Warwick Dark Lord strings.... answer to all your problems, expensive... but worth it


----------



## SD83 (May 25, 2011)

IshiiKurisu said:


> It would be great , but two little problem$: money [Or I can buy a wire, it's the same of buying a string huge enough to accept this tuning] and my ears [in fact, I can't hear the bass tuned F#0. I'M DEAF! FCK!], but I'd love to do that one day.
> 
> Anyways, it was my first idea, but dispite my problems... I think it'd be better to play with the standard tuning. [Trying to find a better solution]

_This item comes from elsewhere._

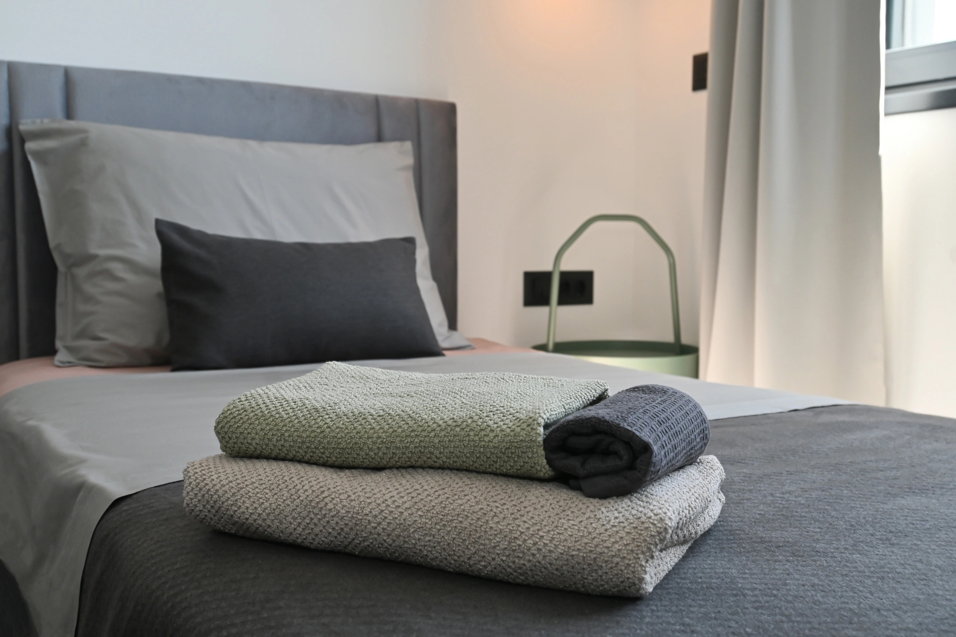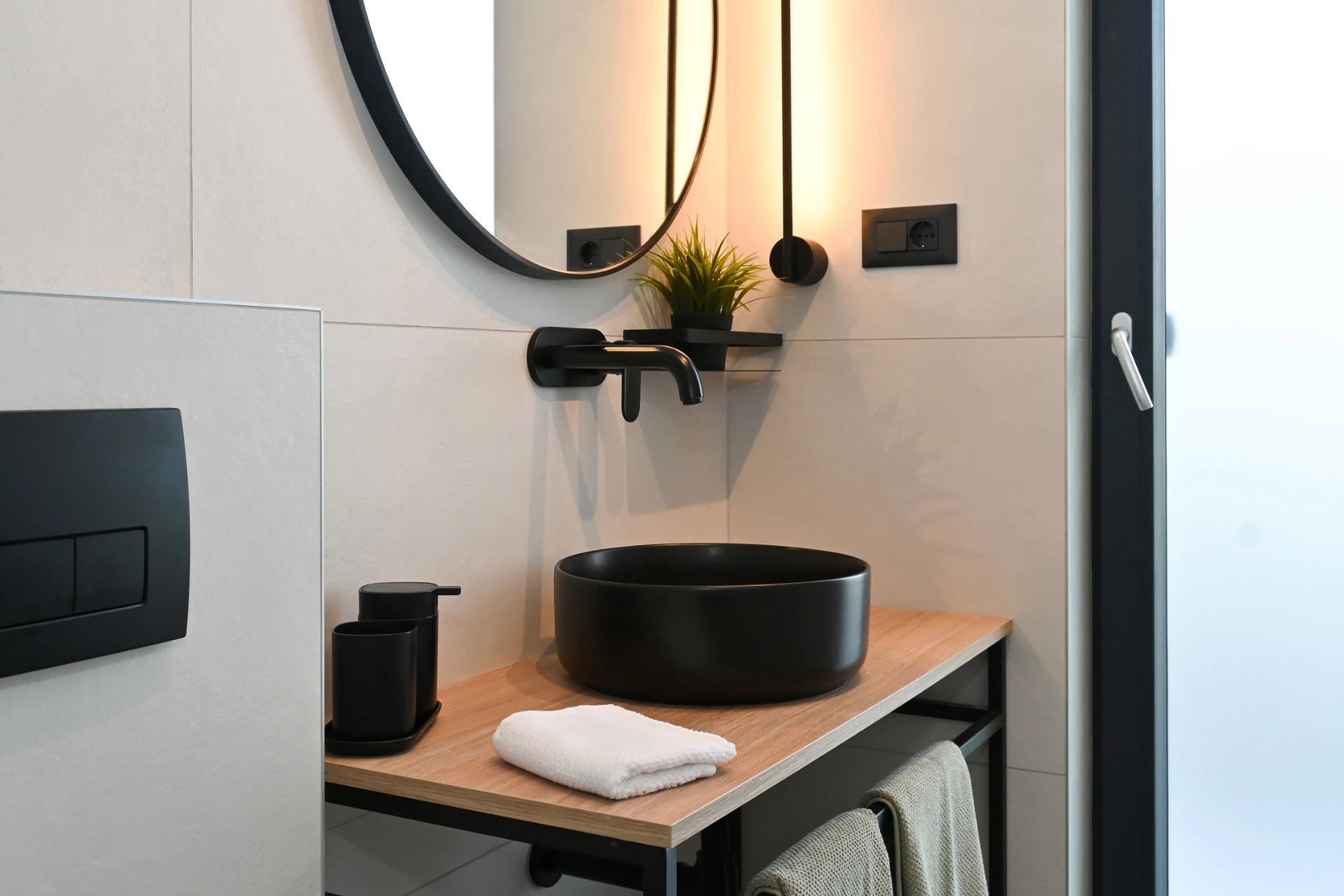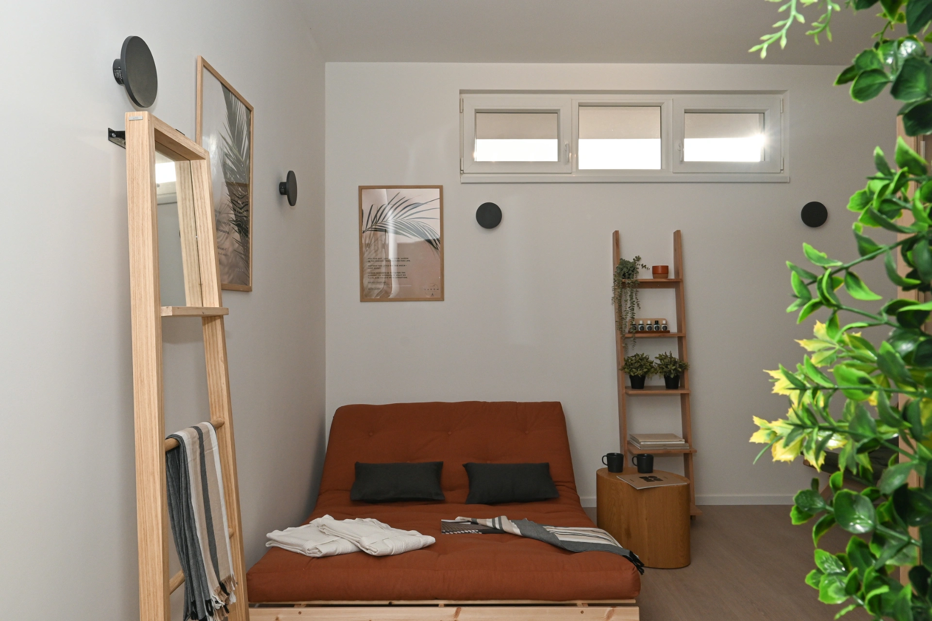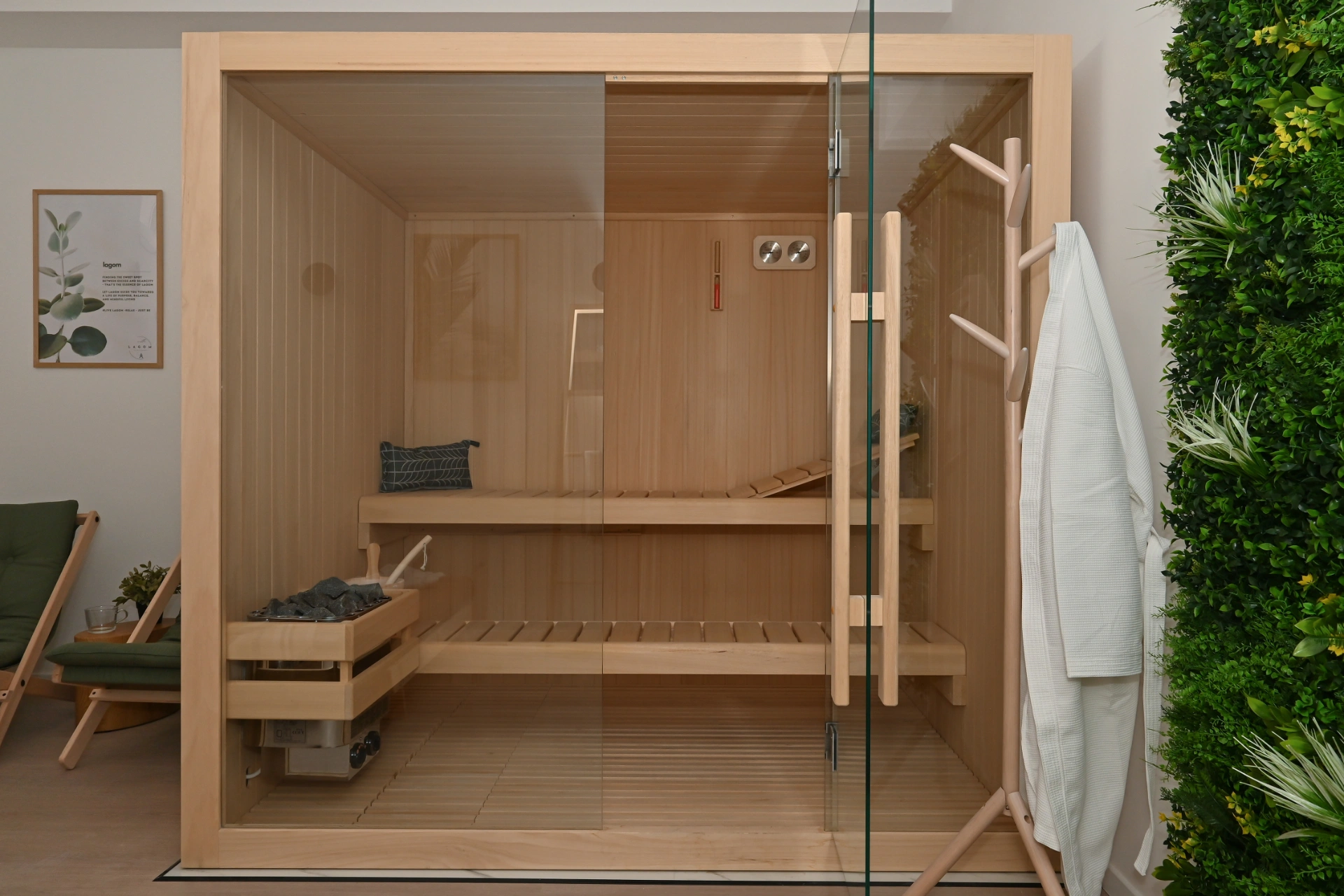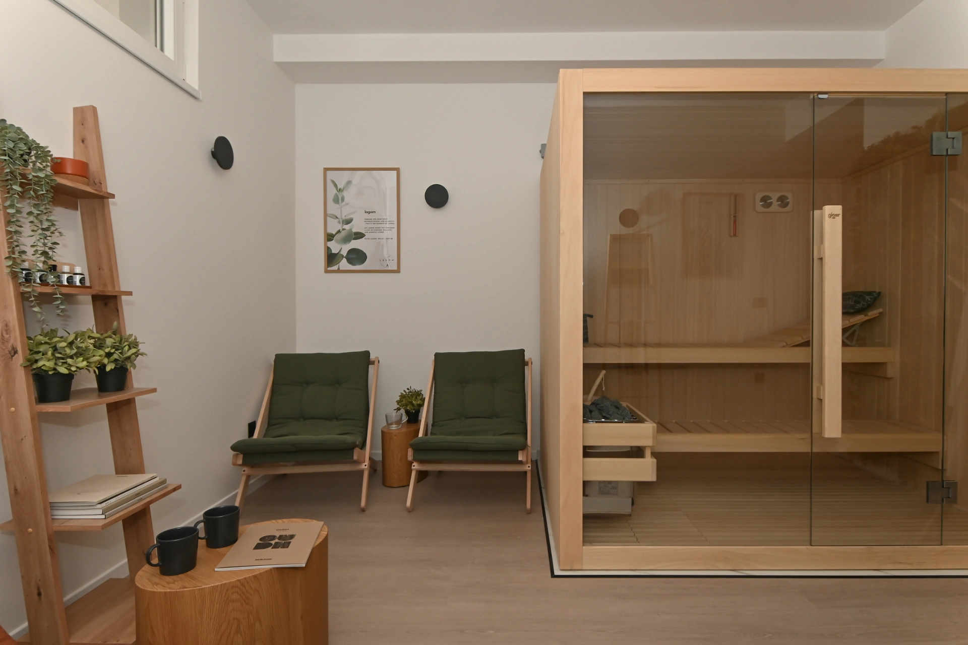 We’ve also taken care of the wellness zone, equipped with an organic Finnish sauna and futon furniture for maximum comfort during relaxation. The wellness room is decorated with earthy colors – dark red combined with green and wooden tones, creating a sense of connection to the natural surroundings where you can unwind and reconnect with yourself. We truly want you to experience Lagom living – balanced living and enjoying the moment!

If I understood it right EtherealEntity meant F#1. Are you sure you wouldn't hear it? As far as I know, when tuning to F#0, pretty much no one will really hear the fundamental (~23 Hz), but the overtones. So if you can't hear anything below 25 Hz, you will still hear 95% the same as normal people (in this case, at least). 
The problem with the expensive strings remains the same... I'd try the above suggestions... F#1 B0 E1 A1


----------



## IshiiKurisu (May 25, 2011)

Daken1134 said:


> Warwick Dark Lord strings.... answer to all your problems, expensive... but worth it



I think they don't sell Warwick strings here in Brasil, and to bring it from USA will cost my ass. Anyways, it's nice, 'cause I've never heard about these Warwick strings. My friend Internet told me they're made for F# tuning... GROSS!


----------



## IshiiKurisu (May 25, 2011)

SD83 said:


> If I understood it right EtherealEntity meant F#1. Are you sure you wouldn't hear it? As far as I know, when tuning to F#0, pretty much no one will really hear the fundamental (~23 Hz), but the overtones. So if you can't hear anything below 25 Hz, you will still hear 95% the same as normal people (in this case, at least).
> The problem with the expensive strings remains the same... I'd try the above suggestions... F#1 B0 E1 A1



As fas as I concern, the F# tuning is F#0 B0 E1 A1. It's good idea to tune the bass F#1 B0 E1 A1, very strange but useful tuning for what I'm gonna play, it's like the 5 strings open G tuning for Banjo [gDBGD, really loveful to play], but used in the bass!  
Just saying: the last time I did the test [homemade, ok, but it's test], I can hear from ~25Hz to ~13000Hz. I don't know if it's a family stuff or if it's a problem, but I have a problem here  [DEAF (new tuning?) !].


----------



## Winspear (May 25, 2011)

Yep I meant F#1  Your hearing is about correct if that's sine waves. You mainly hear the overtones of guitars, like SD83 said. Playing F#0 on bass needs good gear to really sound good.


----------



## IshiiKurisu (May 28, 2011)

EtherealEntity said:


> Yep I meant F#1  Your hearing is about correct if that's sine waves. You mainly hear the overtones of guitars, like SD83 said. Playing F#0 on bass needs good gear to really sound good.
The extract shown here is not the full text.